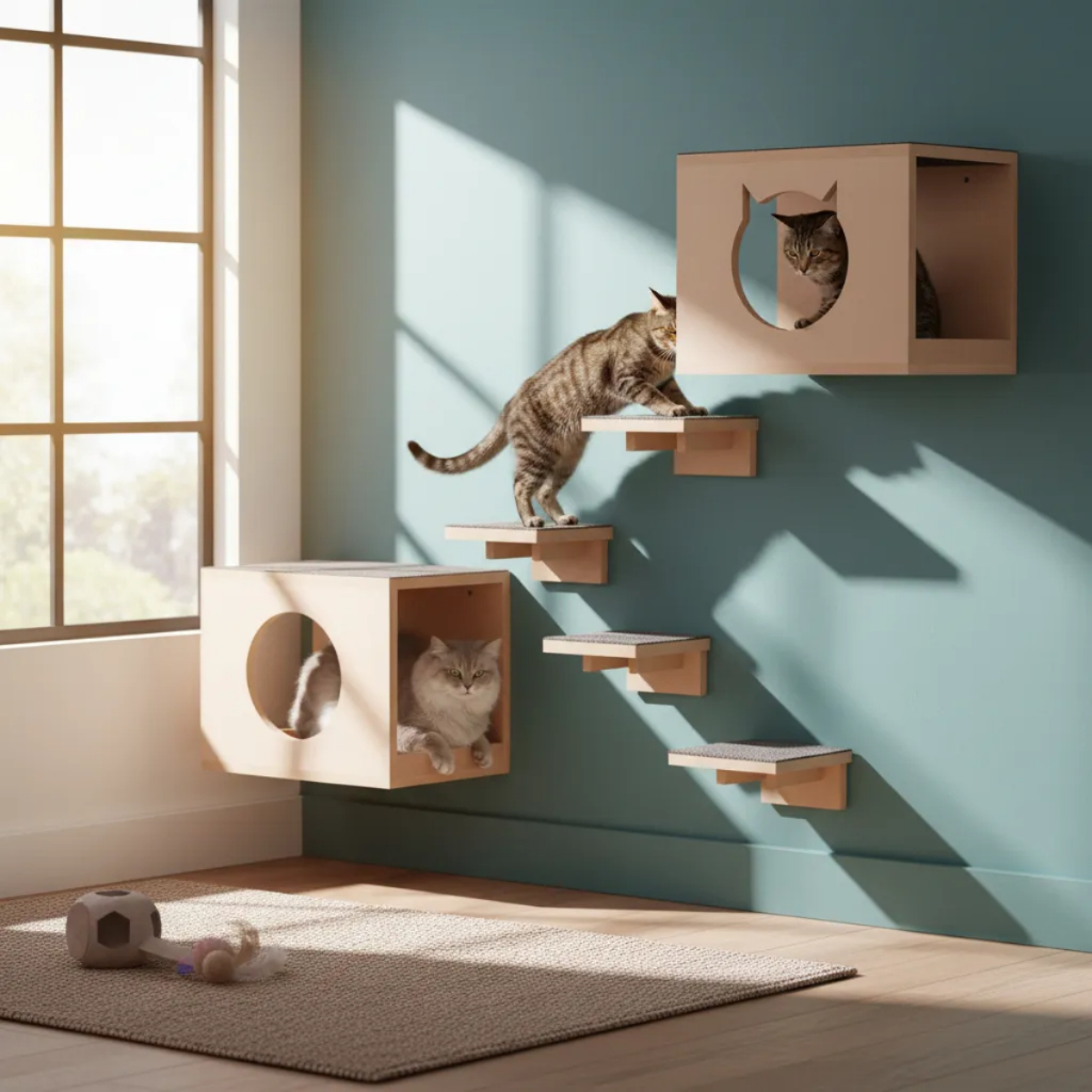 Kit Nicho Casinha Playground Reforçado MDF 15mm Premium Gatos Arranhador Prateleira Gatil Gatificação Toca Parquinho
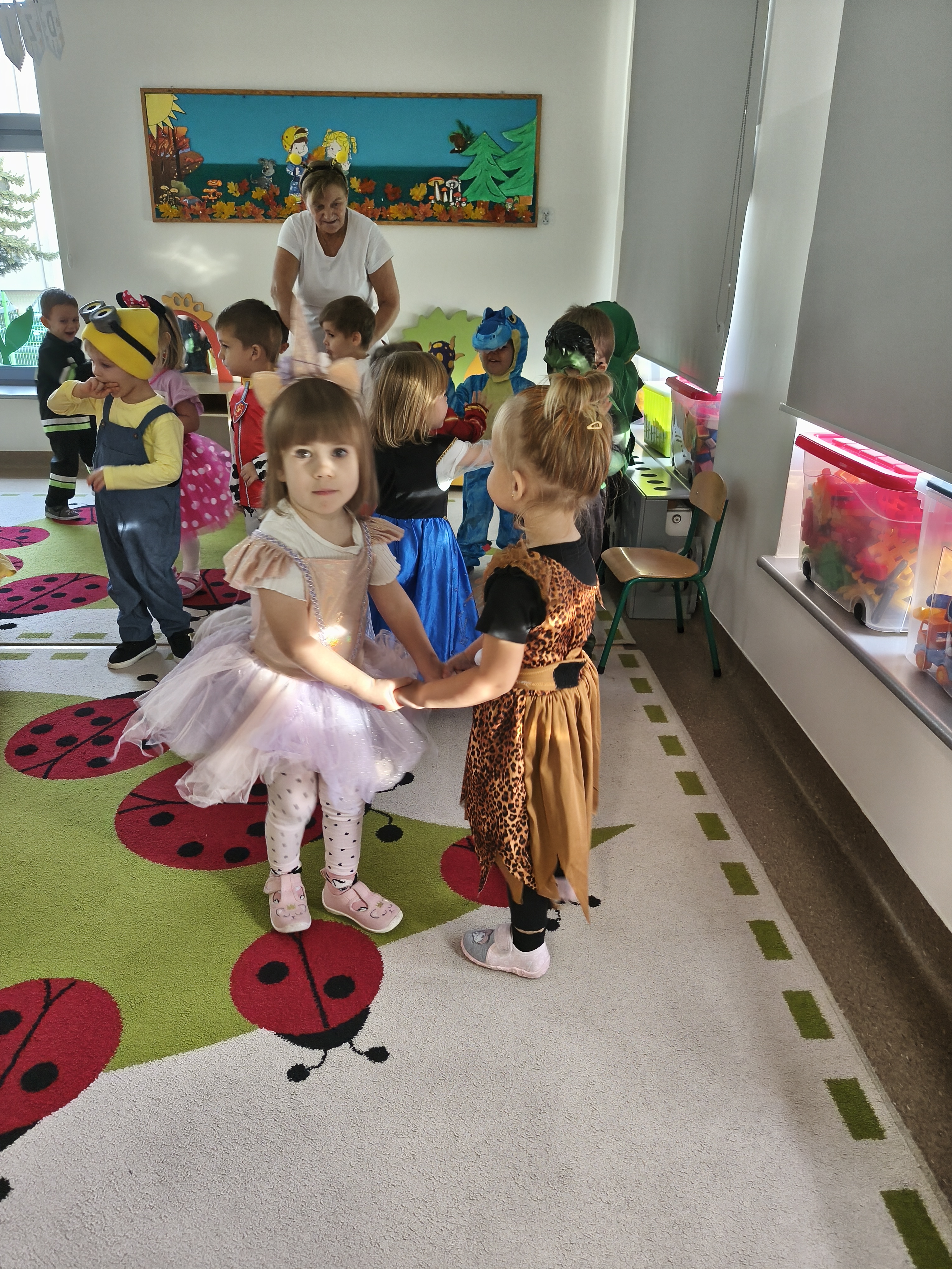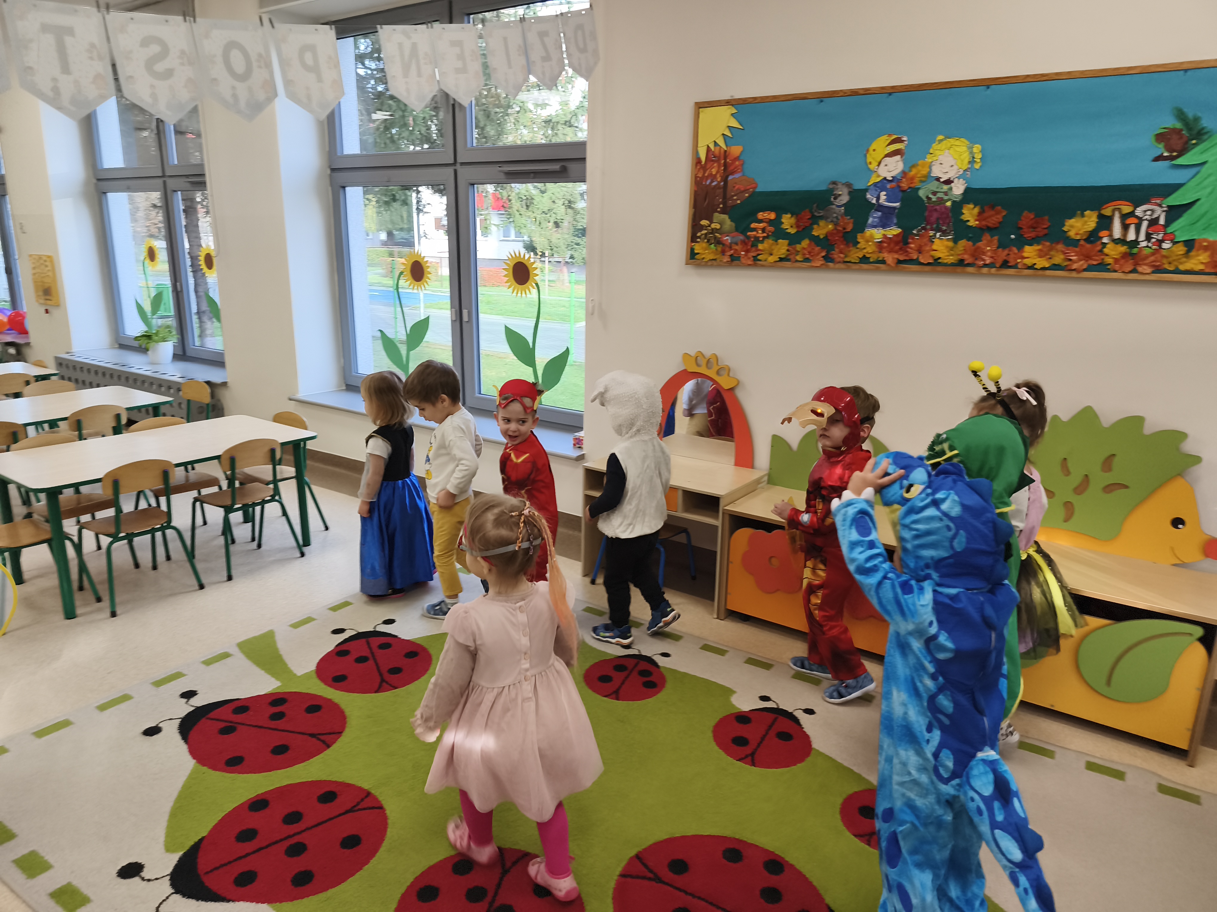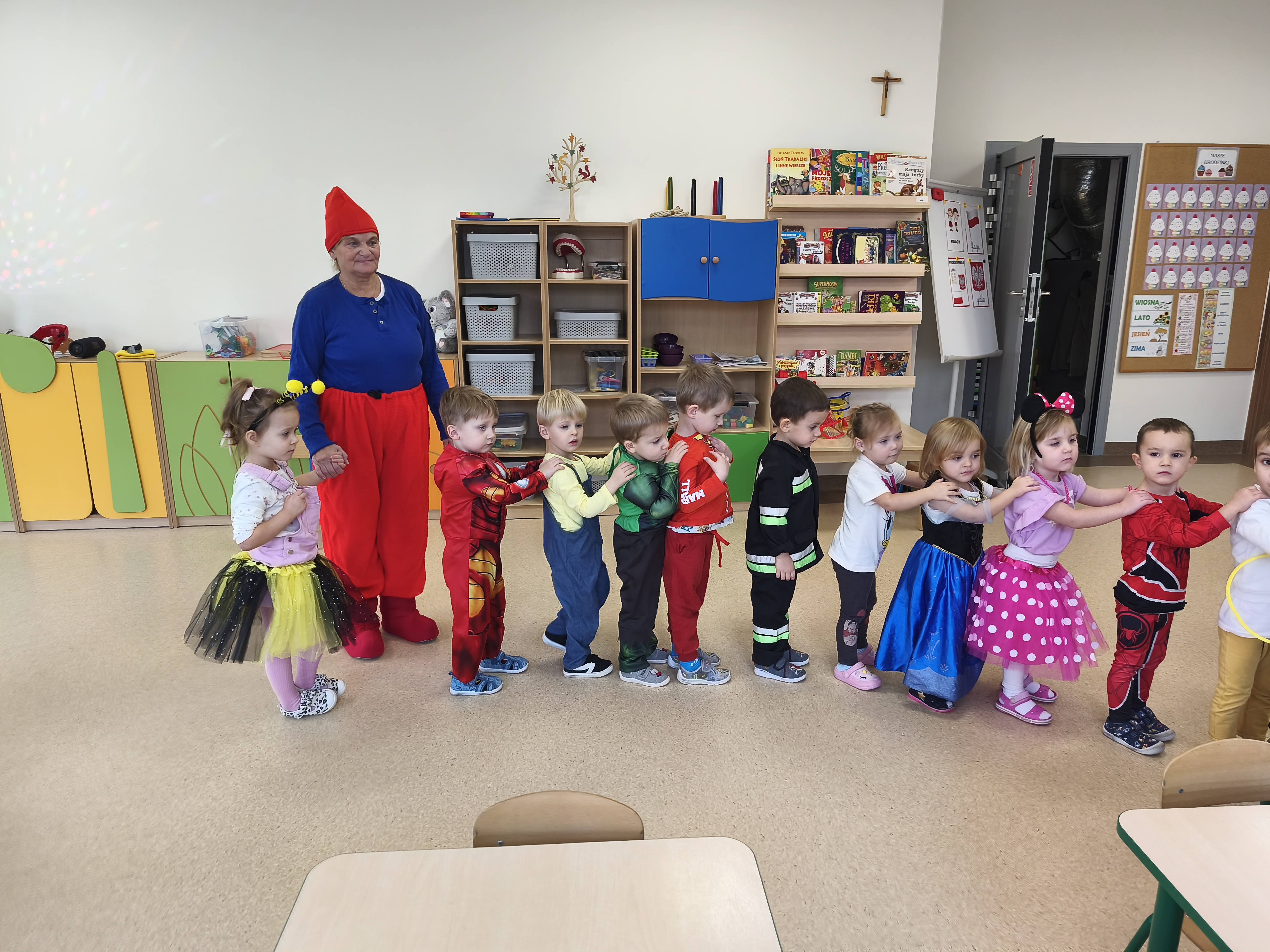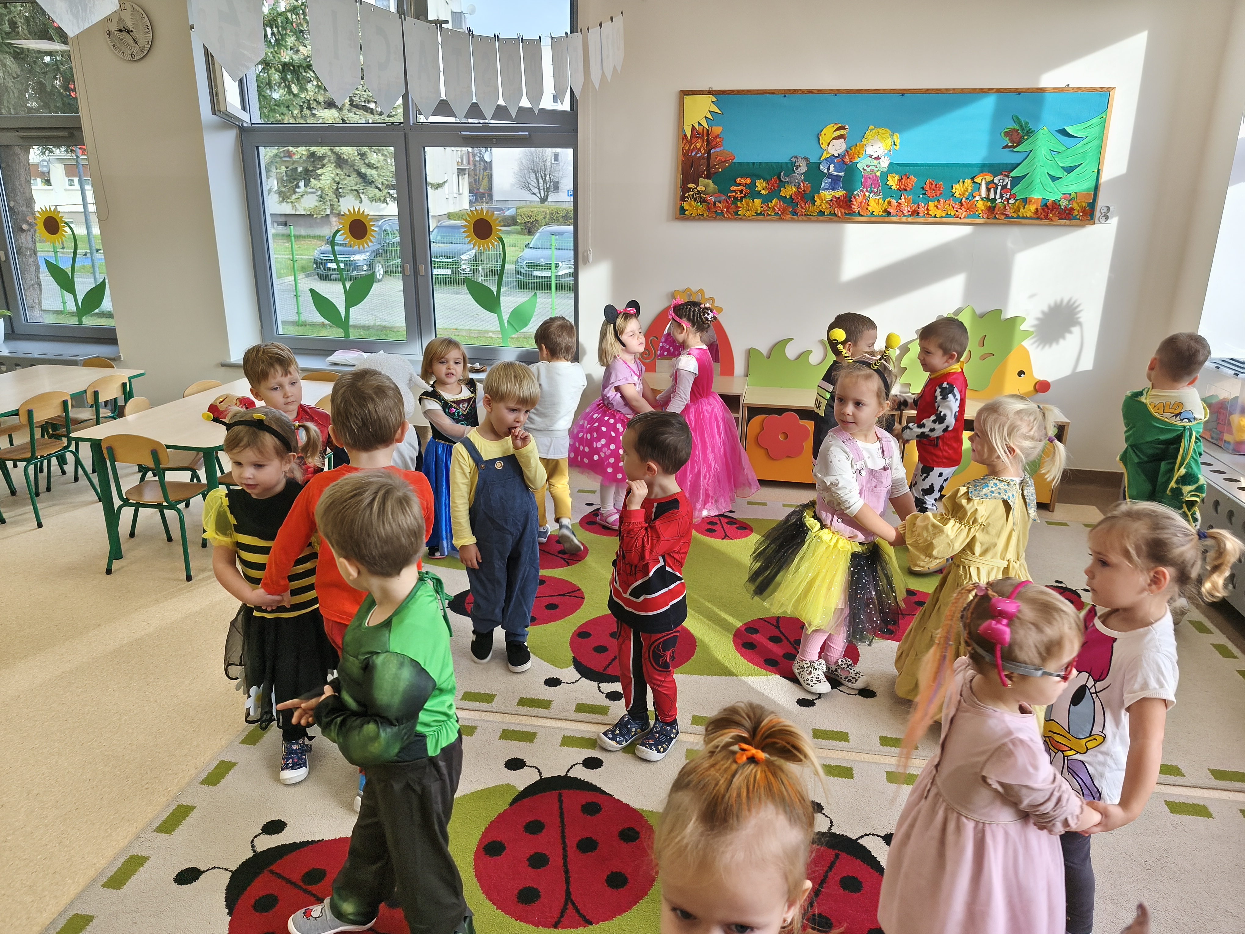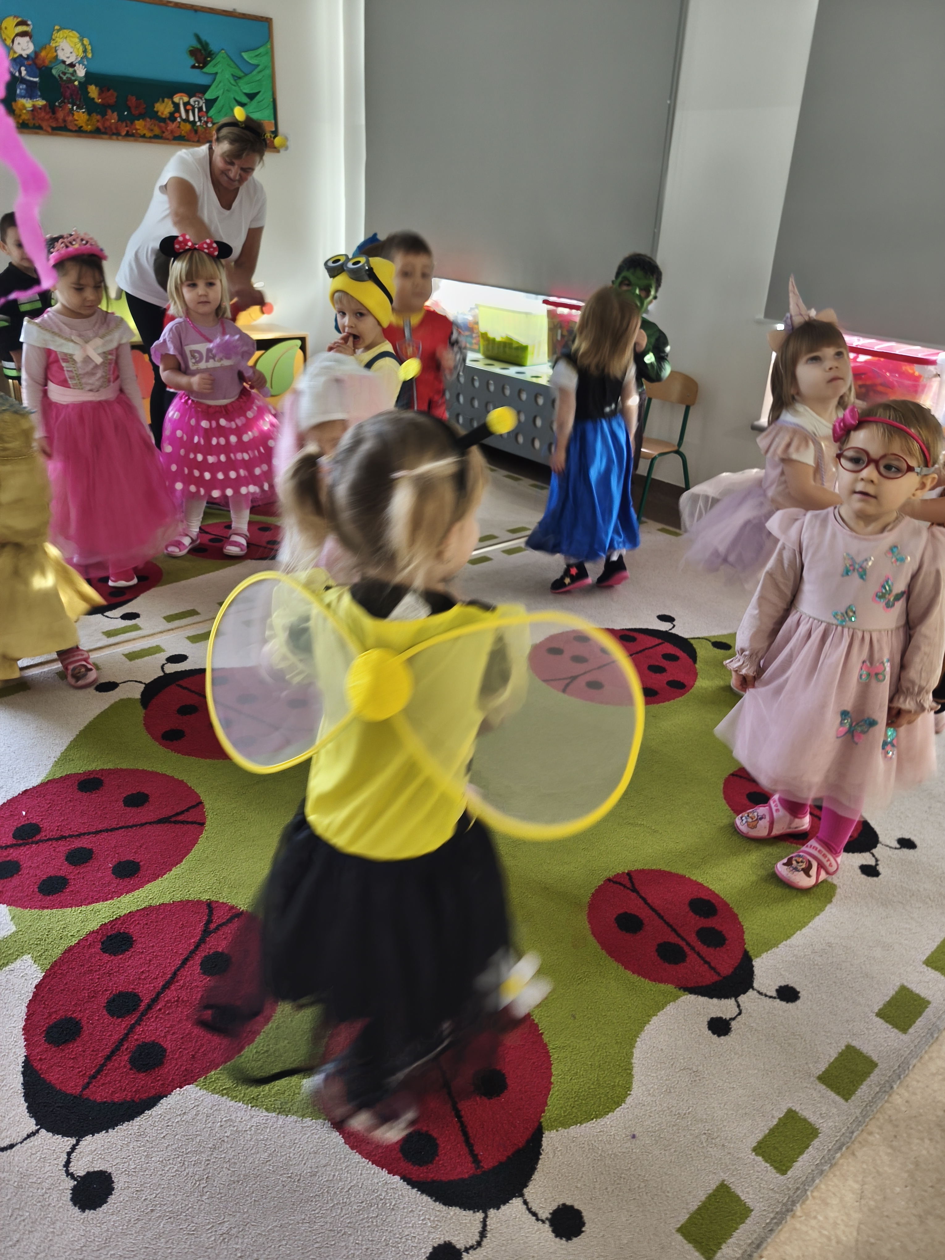 5 listopada obchodzimy Dzień Postaci z Bajek - jedno z najbardziej kolorowych i radosnych świąt. Tego dnia przedszkolaki przyszły przebrane za swoich ulubionych bohaterów. Można było spotkać księżniczki, pszczółki, superbohaterów, zwierzątka i wiele innych bajkowych postaci. Podczas wspólnej zabawy dzieci rozwiązywały zagadki, odgadywały bajkowe tytuły, tańczyły, Z przerażeniem i w ciszy jak nigdy dotąd wysłuchaliśmy bajki o Czerwonym Kapturku. Wilk był nieznajomym a my już wiemy ( choć nie wszyscy ), że jeśli kogoś nie znamy to na spacer z nim się nie wybieramy!
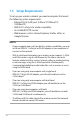 1.5 Setup Requirements To set up your wireless network, you need a computer that meets the following system requirements: • Ethernet RJ-45 (LAN) port (10Base-T/100Base-TX/ 1000BaseTX) • IEEE 802.11a/b/g/n/ac wireless capability • An installed TCP/IP service • Web browser such as Internet Explorer, Firefox, Safari, or Google Chrome NOTES: 10 • If your computer does not have built-in wireless capabilities, you may install an IEEE 802.11a/b/g/n/ac WLAN adapter to your computer to connect to the network.
++++++++++
■ WHAT YOU NEED TO DO: Line by line, output the material above exactly, passing over the pictures.

■ OUTPUT OF THE TASK:
 Kit Nicho Casinha Playground Reforçado MDF 15mm Premium Gatos Arranhador Prateleira Gatil Gatificação Toca Parquinho
 5 listopada obchodzimy Dzień Postaci z Bajek - jedno z najbardziej kolorowych i radosnych świąt. Tego dnia przedszkolaki przyszły przebrane za swoich ulubionych bohaterów. Można było spotkać księżniczki, pszczółki, superbohaterów, zwierzątka i wiele innych bajkowych postaci. Podczas wspólnej zabawy dzieci rozwiązywały zagadki, odgadywały bajkowe tytuły, tańczyły, Z przerażeniem i w ciszy jak nigdy dotąd wysłuchaliśmy bajki o Czerwonym Kapturku. Wilk był nieznajomym a my już wiemy ( choć nie wszyscy ), że jeśli kogoś nie znamy to na spacer z nim się nie wybieramy!
 1.5 Setup Requirements To set up your wireless network, you need a computer that meets the following system requirements: • Ethernet RJ-45 (LAN) port (10Base-T/100Base-TX/ 1000BaseTX) • IEEE 802.11a/b/g/n/ac wireless capability • An installed TCP/IP service • Web browser such as Internet Explorer, Firefox, Safari, or Google Chrome NOTES: 10 • If your computer does not have built-in wireless capabilities, you may install an IEEE 802.11a/b/g/n/ac WLAN adapter to your computer to connect to the network.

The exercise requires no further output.